Every Ovary Has a Silver Lining

I can’t lie. These last two weeks have not been what I would characterize as fabulous. They’ve been filled with feelings of failure, frustration and thanks to a bought of food poisoning, a fear of tuna fish. That’s right. Charlie the Tuna kicked my sorry digestive system on Tuesday night. Don’t let the smile fool you. 'Sorry Charlie' my ass…

But I digress…

Even though I typically am pretty successful at keeping expectations in check, this past cycle failing particularly bummed me out. Not helping matters was when I got my period; I got a crop of the worst pimples on my chin. Sure, I break out here and there around my time of the month, but this was like a freaking colony of blemishes. I’ve actually lost count of how many huge pimples I have on my chin right now. I would not be the least bit shocked if a blind person felt my chin and my zits spelled out, “Still Not Pregnant” in a sort of brail. Really… M. Night Shyamalan could make a movie about it. It would be called, “The Prophetic Pimples”.

But I digress again…

I went to see my most recent Reproductive Endocrinologist a few days ago. He started the session with, “I’m sorry you’re back.” As depressing as that statement is, I appreciated the sentiment as I was sorry I was back too.

Sam and I decided that we’d give it one more month of trying on our own before returning to medical assistance. I do have ambivalence about this as I don’t know if I can bear another period or another crop of pimples like the ones I have now but the doctor felt one more month wasn’t going to hurt or help either way. It’s not like we’re delaying anything for a year. It’s just one month to see if we can get Sam’s sperm and my egg to finally hook up once and for all. Jeez. It sounds like our reproductive parts are Ross and Rachel on Friends.

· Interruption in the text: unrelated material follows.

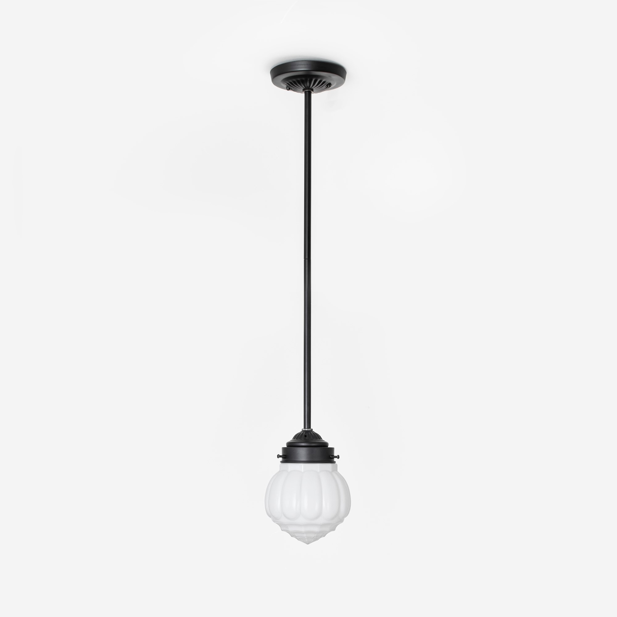 Dieser opalweiße Glasschirm mit runden Formen und grafischen Linien eignet sich perfekt für eine fantastische Innendekoration. Gemeinsam essen, genießen und anstoßen!

Today is this fifth day of my latest cycle. This will officially be the third time we’ll try on our own to conceive since my uterine polyp was removed. Some say the third time is the charm but it just may be, in fact, the third time and nothing more. After all, I have already done three inseminations and the third one those didn’t work so I’m not buying into none of that anymore. Besides, since we’ve already decided that if this doesn’t work, we’ll go back to injectables and insemination, I’m going to go back to where I was a few months ago and keep the pressure and expectations as low as possible. With this back up plan in place, this cycle should be nothing more than ‘let’s not think about it and just have lots of sex’. I've had cycles like that before and they were damn fun.

Yes, it would be lovely if we were successful this month and yes, I would love to avoid more shots, procedures and hospital gowns if we could but it is just one month, we have a plan and after the disappointment of last month, I physically need not to care about this for a few weeks… if that’s possible.

So, even though I have not been in my happy place lately, even though there’s no good news to share at the moment and even though I will most likely never eat tuna fish again, I do feel like there has been rays of hope and promise streaming through the clouds of crap.